Monday, September 2, 2013

Resident Tourist

Shirt: Buffalo Exchange
Skirt: Betsy Johnson via Goodwill
Tights: welovecolors
Shoes: Forever21

Today was my first day of classes! When I woke up this morning, my roof was exploding with a howling rain storm that made me afraid for my prospects of possibly getting to class; I didn't think I had any kroner waiting in my wallet for a bus ride. I just went back to sleep and, when I woke up to leave, it was a perfectly beautiful day-- probably the best of the weekend. Oh, Denmark. I started having brunch with a few friends and then went to Literary Texts and Theory (see, an English major CAN make it by in Denmark) which I kind of sort of slept through. One thing I did catch: it is very strange to hear America referred to in the third person, something that American History, Culture, and Society will surely numb me to. My second class of the day, The Language of Poetry, I almost completely missed because the professor decided on a whim to start an hour early. Since I've been home, the most I've accomplished is making my international phone work (huzzah adulthood!) and making a collage from a Danish music magazine.
(While cutting this magazine out, I discovered two really good Scandinavian bands: Nelson Can and Agnes Obel.)

This weekend was considerably more exciting, however. Yesterday, a midst the windiest weather I have experienced in all my days, save maybe the plains of Texas, my exchange program and I toured the west coast of Denmark. First, we visited Løkken, a small town with an ancient cemetery being eaten by the sea. Nearly all the houses were for sale or simply abandoned. 

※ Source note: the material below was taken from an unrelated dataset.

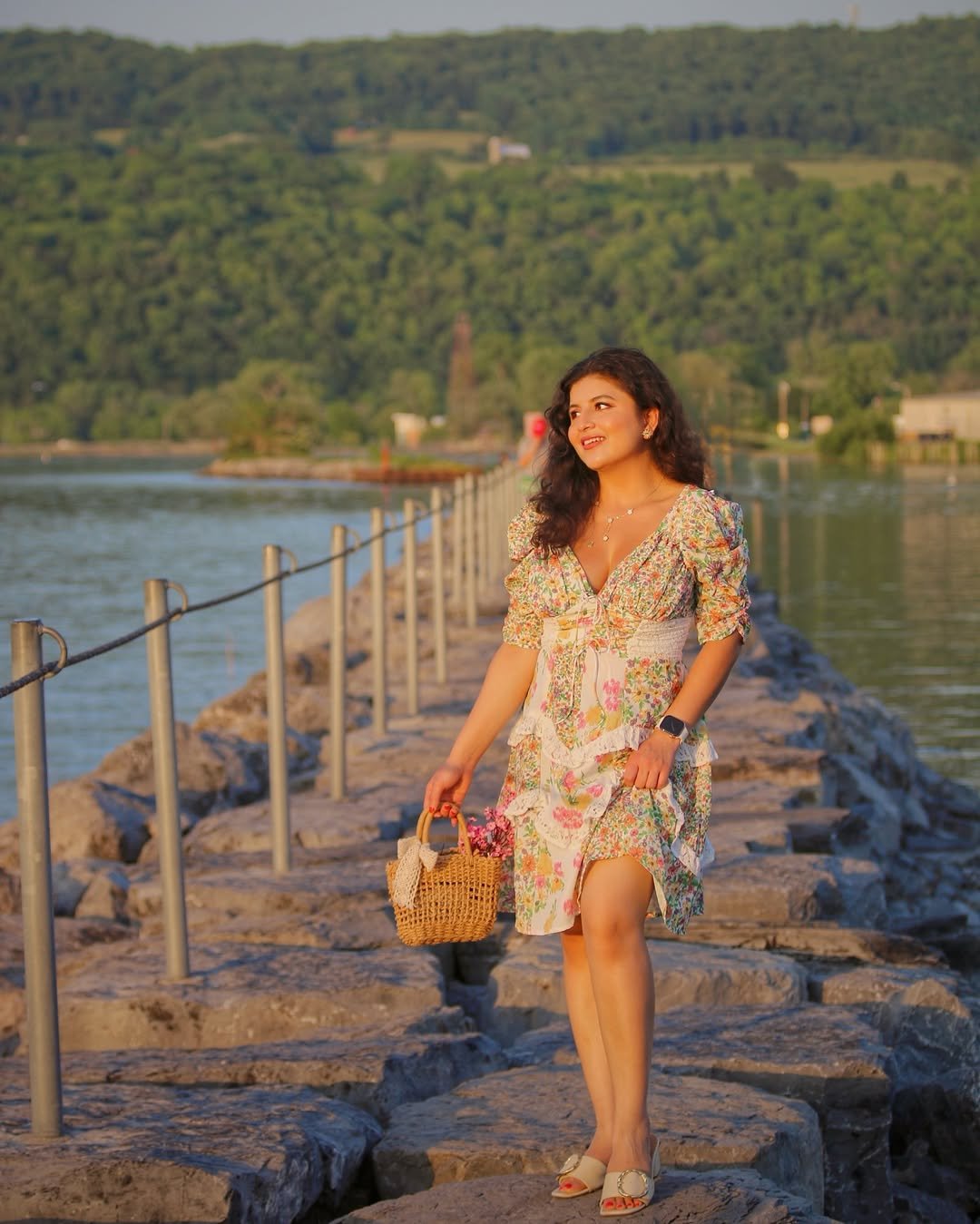 Walking along the water in a soft floral dress like this feels straight out of a summer daydream. The corset-style bodice gives structure, while the puff sleeves and flowing skirt soften everything back down.

We played a game with the wind where we stood on this cliff over the ocean and leaned forward, letting the wind hold us up.


The only legible gravestone there.

A for sale sign.

Afterwards, we set onward to Rubjerg Knude, an abandoned lighthouse situated among some awe-inspiring sand dunes. The lighthouse is estimated to be eaten by the sea, like the town, in ten years's time. Here, among the sand dunes, the wind was not so friendly. I never thought my first sand storm would take place in northern Denmark, but alas it did. And it was awful. We were all simply bombarded with sand. My skin burned worse than a thousand sunburns could attempt. The attack on our eyes was so bad, we had to walk up the shifty mountains backwards. I couldn't even look at the lighthouse. I simply took blind pictures hoping to see it secondhand from my camera later. When we got back to the bus, each pair of shoes could have built a beach, a destination my apartment very closely resembles at the moment due to that little excursion.  







The day before that, I went to "the street," or the bar and club center of Aalborg with a few friends. The night consisted of a wonderful dance music concert, hilariously drunk strangers, a bouncer at a Seven Eleven, and drinking at a real bar legally for the first time (for me at least).
Billede: First night on the street!

The band we heard live was called Den Sorte Skole. They were very good.